This article follows two years researching the belief system of Thai Christians for my doctoral dissertation at the International Theological Seminary (California). My aim has been to determine the extent to which Buddhism, Animism, Brahmanism, and the Thai social structure influence the belief of Thai Christians and to evaluate whether our present system and content of Christian education (e.g. preaching, Bible studies, Sunday school) are sufficient to correct any problem areas. Of particular interest has been to study how the prominent religions in Thailand influence how Thai Christians understand God.
Early on in my study I was met by the objection that Buddhism, for example, has no clear concept of God and therefore could have no significant influence on the way converts from Buddhism think about God. The study revealed, however, that in a variety of ways Buddhist concepts (as well as those of animism, Brahmanism, and society) do have significant influences on the way Christians think about God. A number of "gaps" or "deficiencies" were identified, some of which I cover here. Those pertaining to Brahmanism have been omitted because of limited space.
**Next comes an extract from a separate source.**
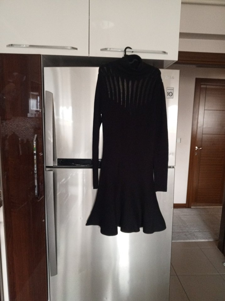 Uzun Kollu Siyah Pliseli Triko Elbise

These problem areas do not appear to improve with the length of time one is a Christian (despite years of exposure to various forms of Christian education). This suggests that our present system of Christian education does not meet the specific needs of the Thai Christian.
I studied the way Buddhism, animism, and Brahmanism are expressed in the Thai context, as well as the patron-client system of relationships, which is dominant in Thai society. Concepts that potentially may influence Thai Christians were evaluated from a biblical perspective. I devised and administered a questionnaire based on these findings to 19 groups of Thai Christians (nearly 500 Christians from a variety of denominational affiliations and number of years of being a Christian) as well as a random group of British Christians living in England. Results were analyzed and compared using the SPSS computer program for statistical analysis.
CHRISTIAN BELIEF INFLUENCED BY BUDDHISM
God is detached. The Buddhist ideal of "no self," which is a result of total renunciation of desire, has a significant influence upon the Thai mind. "Attachment," whether it be to family, friends, or material wealth, is believed to inevitably produce suffering. The characteristic "cool-heart" of the Thai is, no doubt, largely influenced by this ideal. It is generally regarded that one who can stay cool and tranquil has attained to a certain degree of spiritual maturity.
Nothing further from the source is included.